Extracted records:
★ ★ ★ ★

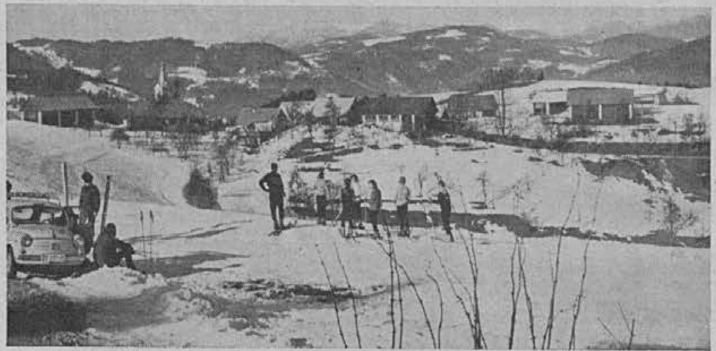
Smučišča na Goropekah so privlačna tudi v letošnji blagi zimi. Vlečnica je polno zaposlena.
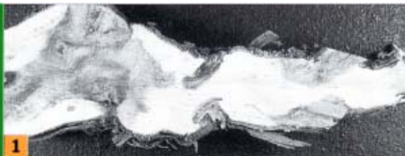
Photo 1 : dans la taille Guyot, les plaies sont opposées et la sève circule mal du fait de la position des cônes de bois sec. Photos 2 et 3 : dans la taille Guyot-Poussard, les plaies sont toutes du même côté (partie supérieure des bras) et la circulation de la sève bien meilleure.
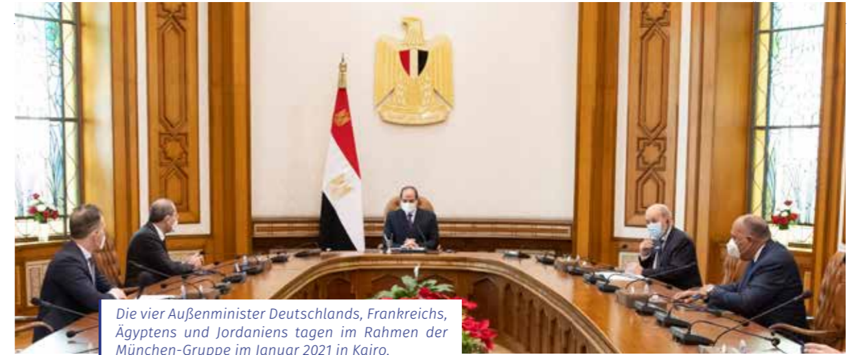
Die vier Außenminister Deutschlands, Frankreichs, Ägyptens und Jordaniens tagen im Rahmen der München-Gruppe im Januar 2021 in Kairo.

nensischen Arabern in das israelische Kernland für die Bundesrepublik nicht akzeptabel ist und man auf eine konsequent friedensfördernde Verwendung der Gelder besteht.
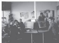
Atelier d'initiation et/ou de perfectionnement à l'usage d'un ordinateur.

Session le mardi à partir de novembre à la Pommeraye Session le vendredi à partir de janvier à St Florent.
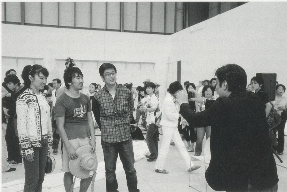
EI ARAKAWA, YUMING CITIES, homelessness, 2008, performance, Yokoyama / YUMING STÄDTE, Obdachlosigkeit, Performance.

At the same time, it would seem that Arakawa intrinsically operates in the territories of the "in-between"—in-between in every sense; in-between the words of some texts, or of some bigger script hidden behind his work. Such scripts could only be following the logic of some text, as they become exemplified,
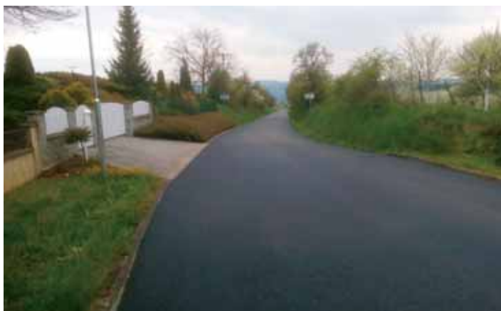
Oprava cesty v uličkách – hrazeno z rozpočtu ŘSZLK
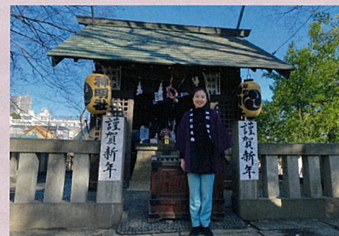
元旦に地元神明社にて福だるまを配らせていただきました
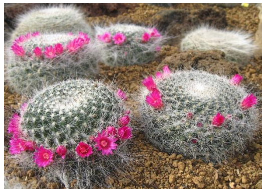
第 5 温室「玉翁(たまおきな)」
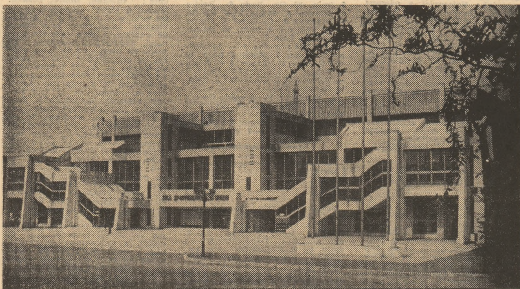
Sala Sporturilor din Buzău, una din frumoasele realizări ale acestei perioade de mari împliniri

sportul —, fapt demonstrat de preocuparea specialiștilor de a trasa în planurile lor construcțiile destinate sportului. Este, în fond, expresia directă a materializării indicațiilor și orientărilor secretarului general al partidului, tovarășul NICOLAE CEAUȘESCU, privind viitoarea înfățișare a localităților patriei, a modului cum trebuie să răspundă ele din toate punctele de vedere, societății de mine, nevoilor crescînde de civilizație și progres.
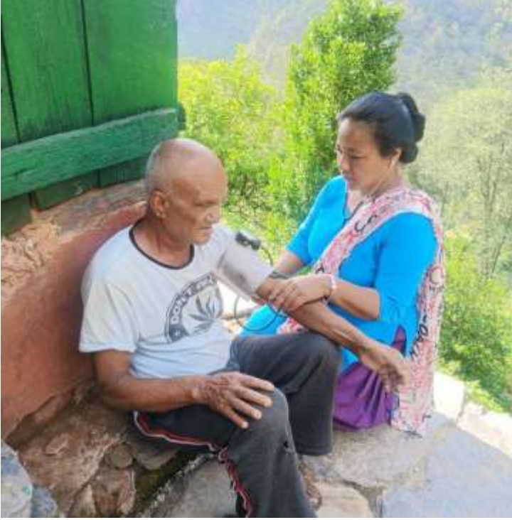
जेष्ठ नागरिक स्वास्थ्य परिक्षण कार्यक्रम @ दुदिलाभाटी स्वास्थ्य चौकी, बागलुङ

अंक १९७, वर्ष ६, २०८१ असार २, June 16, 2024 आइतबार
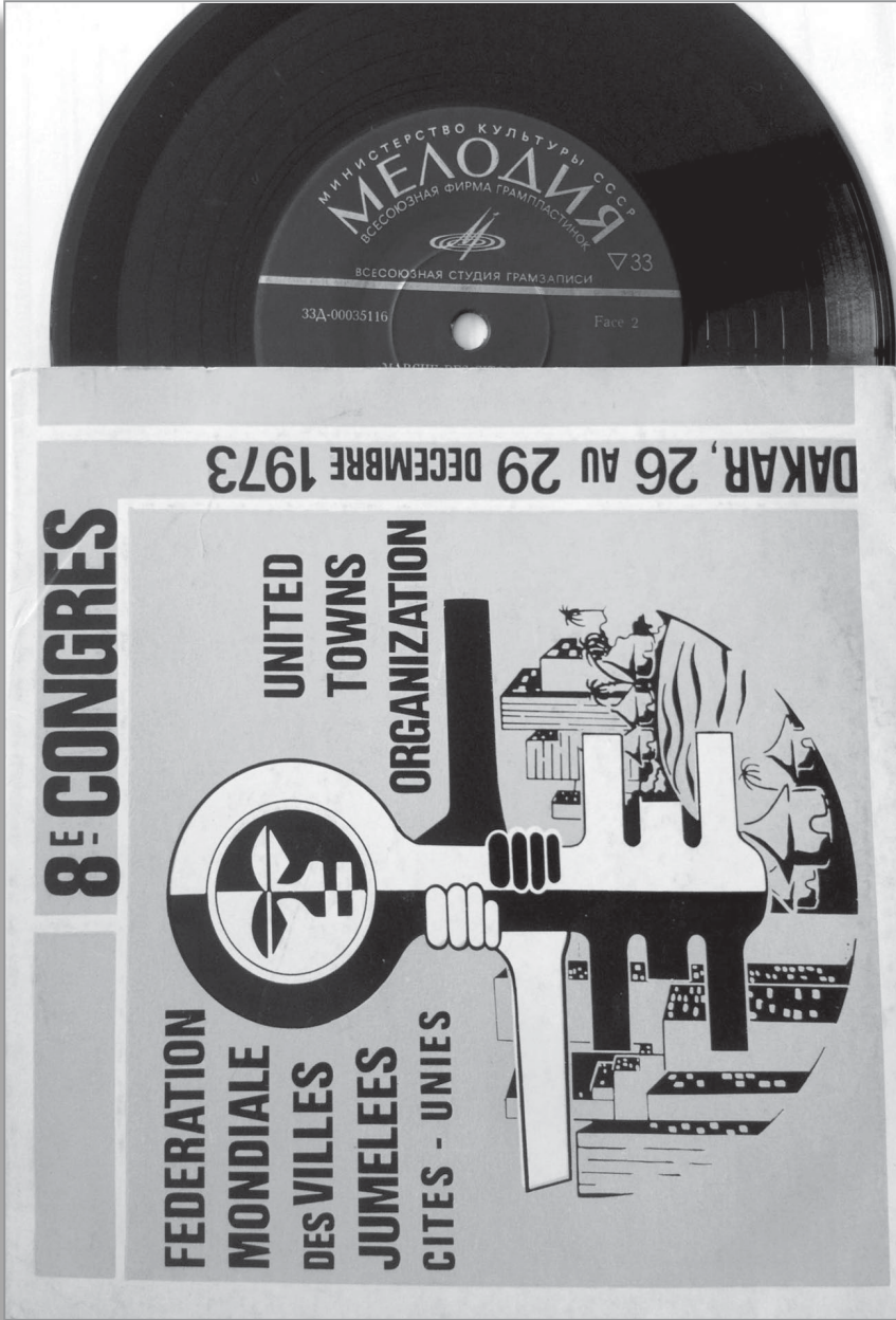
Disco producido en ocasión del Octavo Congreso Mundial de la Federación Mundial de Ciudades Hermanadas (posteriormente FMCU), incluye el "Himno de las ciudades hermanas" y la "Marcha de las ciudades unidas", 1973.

★ ★ ★ ★

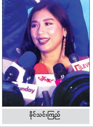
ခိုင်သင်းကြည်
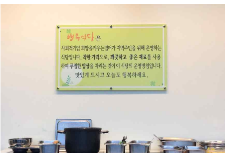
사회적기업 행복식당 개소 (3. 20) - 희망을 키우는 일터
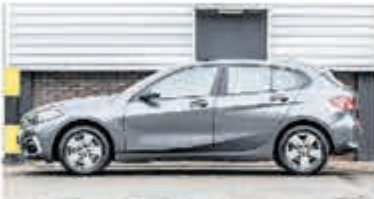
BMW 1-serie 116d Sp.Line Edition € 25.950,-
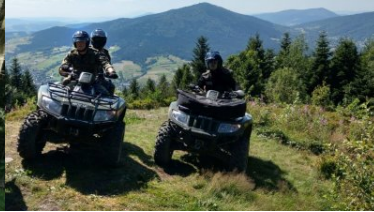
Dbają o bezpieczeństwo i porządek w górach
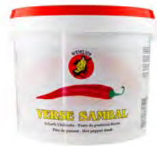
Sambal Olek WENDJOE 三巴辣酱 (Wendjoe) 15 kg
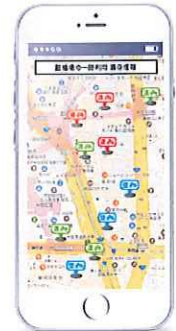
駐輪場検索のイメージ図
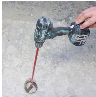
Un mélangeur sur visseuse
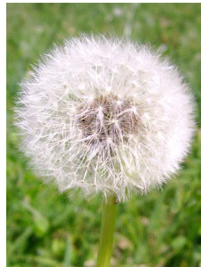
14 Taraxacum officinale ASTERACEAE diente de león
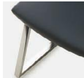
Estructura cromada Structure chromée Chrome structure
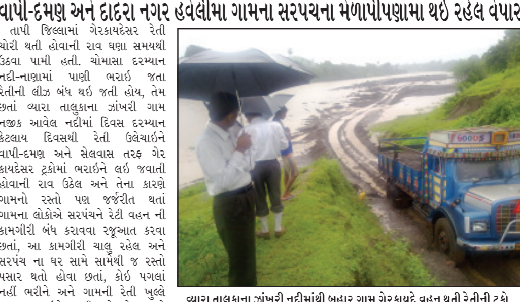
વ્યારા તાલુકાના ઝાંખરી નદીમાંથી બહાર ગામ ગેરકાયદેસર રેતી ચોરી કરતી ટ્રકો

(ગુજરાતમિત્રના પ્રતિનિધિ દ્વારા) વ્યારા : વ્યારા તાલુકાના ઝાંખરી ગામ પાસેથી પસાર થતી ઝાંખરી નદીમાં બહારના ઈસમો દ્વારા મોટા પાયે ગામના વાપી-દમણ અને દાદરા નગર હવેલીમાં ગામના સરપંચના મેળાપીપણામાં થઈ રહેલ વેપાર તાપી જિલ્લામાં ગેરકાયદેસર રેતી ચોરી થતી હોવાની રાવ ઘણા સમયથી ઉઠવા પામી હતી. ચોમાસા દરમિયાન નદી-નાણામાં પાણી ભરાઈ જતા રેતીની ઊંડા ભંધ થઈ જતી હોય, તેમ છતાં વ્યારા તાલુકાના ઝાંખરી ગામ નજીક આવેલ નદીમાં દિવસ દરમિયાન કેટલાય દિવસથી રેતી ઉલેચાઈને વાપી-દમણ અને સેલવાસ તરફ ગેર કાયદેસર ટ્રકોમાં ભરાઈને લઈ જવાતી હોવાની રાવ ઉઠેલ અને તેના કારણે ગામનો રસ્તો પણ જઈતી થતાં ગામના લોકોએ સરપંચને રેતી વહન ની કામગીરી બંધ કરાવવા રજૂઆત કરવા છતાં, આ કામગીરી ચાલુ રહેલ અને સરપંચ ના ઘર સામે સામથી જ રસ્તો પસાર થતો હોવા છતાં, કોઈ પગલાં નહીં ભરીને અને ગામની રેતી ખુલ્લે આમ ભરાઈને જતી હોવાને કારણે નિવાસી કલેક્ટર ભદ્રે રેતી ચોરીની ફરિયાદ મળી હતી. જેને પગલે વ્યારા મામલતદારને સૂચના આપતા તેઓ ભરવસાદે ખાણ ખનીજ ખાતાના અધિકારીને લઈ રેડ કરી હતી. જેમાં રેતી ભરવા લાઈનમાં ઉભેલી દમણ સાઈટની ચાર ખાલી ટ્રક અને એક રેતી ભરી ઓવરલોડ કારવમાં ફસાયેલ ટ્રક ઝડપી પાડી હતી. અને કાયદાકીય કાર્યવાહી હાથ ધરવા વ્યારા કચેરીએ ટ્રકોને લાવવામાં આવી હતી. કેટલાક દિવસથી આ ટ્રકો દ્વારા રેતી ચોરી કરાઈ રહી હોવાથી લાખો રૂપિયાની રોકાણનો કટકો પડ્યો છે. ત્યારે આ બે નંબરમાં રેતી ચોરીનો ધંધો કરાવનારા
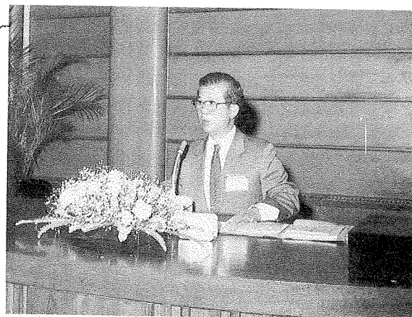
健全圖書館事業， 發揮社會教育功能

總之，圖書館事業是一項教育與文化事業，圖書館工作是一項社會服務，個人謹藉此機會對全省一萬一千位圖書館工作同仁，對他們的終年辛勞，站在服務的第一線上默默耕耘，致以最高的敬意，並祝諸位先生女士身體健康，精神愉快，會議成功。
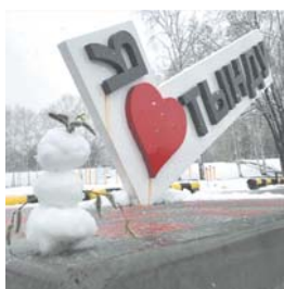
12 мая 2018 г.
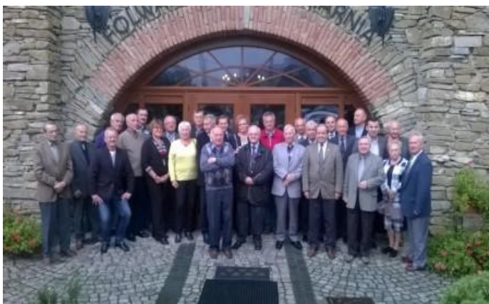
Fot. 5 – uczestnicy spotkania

★ ★ ★ ★

> **Task details**: Within these entries, output exactly the lines starting at the one with "Session le mardi" and finishing at the one with "Sala Sporturilor din". Leave pictures out of the output.

> **Completed task**:
Session le mardi à partir de novembre à la Pommeraye Session le vendredi à partir de janvier à St Florent.
EI ARAKAWA, YUMING CITIES, homelessness, 2008, performance, Yokoyama / YUMING STÄDTE, Obdachlosigkeit, Performance.

At the same time, it would seem that Arakawa intrinsically operates in the territories of the "in-between"—in-between in every sense; in-between the words of some texts, or of some bigger script hidden behind his work. Such scripts could only be following the logic of some text, as they become exemplified,
Oprava cesty v uličkách – hrazeno z rozpočtu ŘSZLK
元旦に地元神明社にて福だるまを配らせていただきました
第 5 温室「玉翁(たまおきな)」
Sala Sporturilor din Buzău, una din frumoasele realizări ale acestei perioade de mari împliniri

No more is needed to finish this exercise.